In that sense I think the orthogonality thesis will turn out to be false in practice, even if it is true in theory. It is simply too difficult to program a precise goal into an AI, because in order for that to work the goal has to be worked into every physical detail of the thing. It cannot just be a modular add-on.
I find this plausible but not too likely. There are a few things needed for a universe-optimizing AGI:
really good mathematical function optimization (which you might be able to use to get approximate Solomonoff induction)
a way to specify goals that are still well-defined after an ontological crisis
a solution to the Cartesian boundary problem
I think it is likely that (2) and (3) will eventually be solved (or at least worked around) well enough that you can build universe-optimizing AGIs, partially on the basis that humans approximately solve these somehow and we already have tentative hypotheses about what solutions to these problems might look like. It might be the case that we can’t really get (1), we can only get optimizers that work in some domains but not others. Perhaps universe-optimization (when reduced to a mathematical problem using (2) and (3)) is too difficult of a domain: we need to break the problem down into sub-problems in order to feed it to the optimizer, resulting in a tool-AI like design. But I don’t think this is likely.

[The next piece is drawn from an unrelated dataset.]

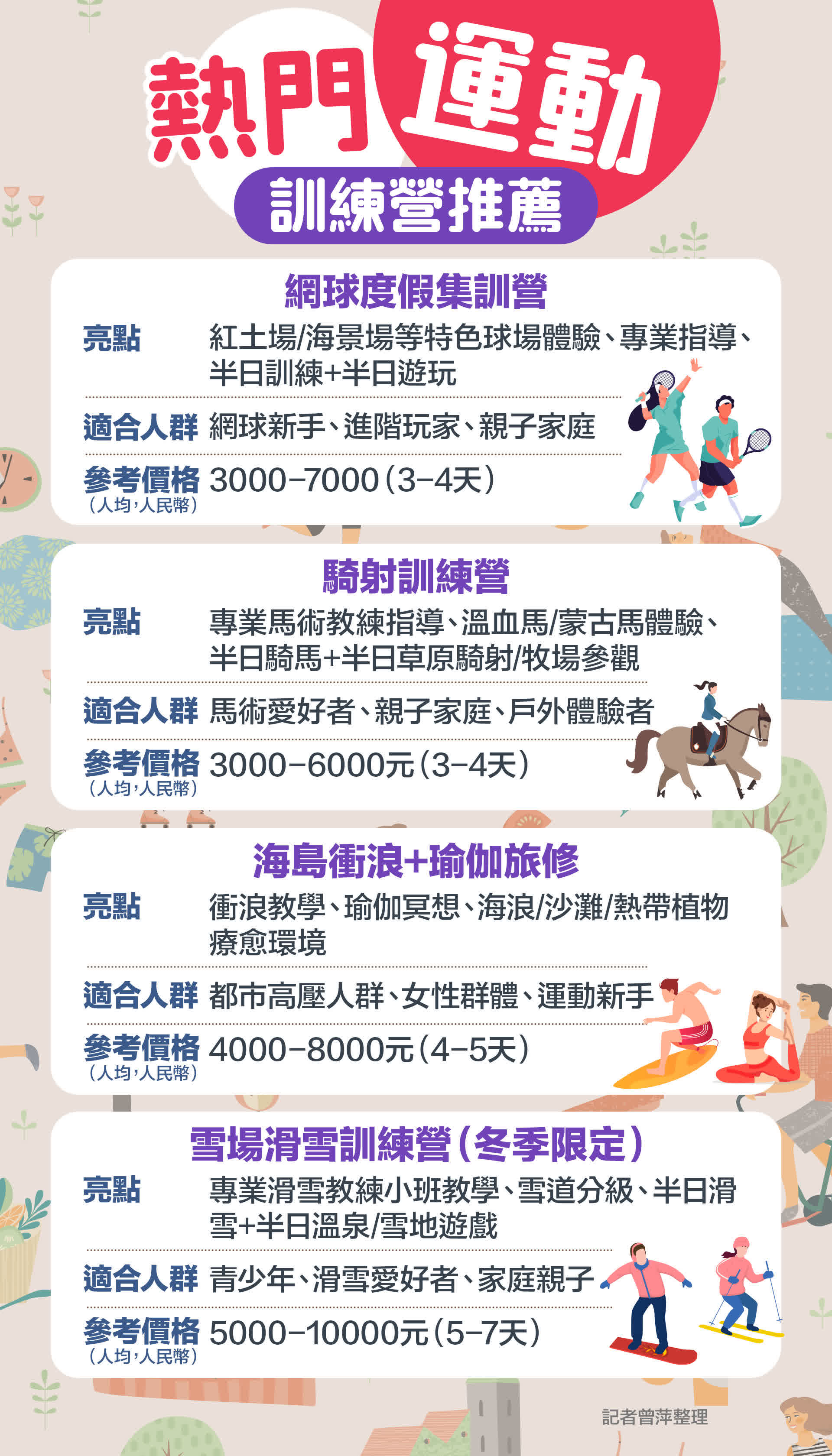(大公文匯網 記者 曾萍)當「度假」不再只是躺平看風景,當「運動」不再局限於健身房揮汗,今年國慶期間,「運動 + 度假」的新模式正悄然改變人們的假期選擇。據記者了解,以網球、衝浪、羽毛球等熱門運動為主題的訓練營在今年國慶假期人氣高漲,山東日照、海南陵水等地的網球訓練營名額緊張,成為不少運動愛好者的假期首選。「半日專業訓練 + 半日逛吃體驗」的搭配,既讓參與者收穫運動技能的成長,又能享受旅行的愜意,成為解鎖「成長型」假期的熱門方式。

If we have powerful tool AIs before we get universe optimizers, this will probably be a temporary stage, because someone will figure out how to use a tool AI to design universe-optimizers someday. But your bet was about the first AGI, so this would still be consistent with you winning your bet.

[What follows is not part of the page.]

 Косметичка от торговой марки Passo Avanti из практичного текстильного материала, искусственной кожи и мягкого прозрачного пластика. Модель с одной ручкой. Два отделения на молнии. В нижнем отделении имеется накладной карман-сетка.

I’m talking about the fact that humans can (and sometimes do) sort of optimize the universe. Like, you can reason about the way the universe is and decide to work on causing it to be in a certain state.

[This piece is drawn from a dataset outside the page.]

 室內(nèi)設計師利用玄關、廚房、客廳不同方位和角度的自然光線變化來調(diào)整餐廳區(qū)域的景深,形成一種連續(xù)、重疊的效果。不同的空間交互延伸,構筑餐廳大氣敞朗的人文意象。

This could very well be the case, but humans still sometimes sort of optimize the universe. Like, I’m saying it’s at least possible to sort of optimize the universe in theory, and humans do this somewhat, not that humans directly use universe-optimizing to select their actions. If a way to write universe-optimizing AGIs exists, someone is likely to find it eventually.
I agree with this. There are some difficulties with self-modification (as elaborated in my other comment), but it seems probable that this can be done.
Seems pretty plausible. Obviously it depends on what you mean by “AI”; certainly, most modern-day AIs are this way. At the same time, this is definitely not a reason to not worry about AI risk, because (a) tool AIs could still “accidentally” optimize the universe depending on how search for self-modifications and other actions happens, and (b) we can’t bet on no one figuring out how to turn a superintelligent tool AI into a universe optimizer.
I do agree with a lot of what you say: it seems like a lot of people talk about AI risk in terms of universe-optimization, when we don’t even understand how to optimize functions over the universe given infinite computational power. I do think that non-universe-optimizing AIs are under-studied, that they are somewhat likely to be the first human-level AGIs, and that they will be extraordinary useful for solving some FAI-related problems. But none of this makes the problems of AI risk go away.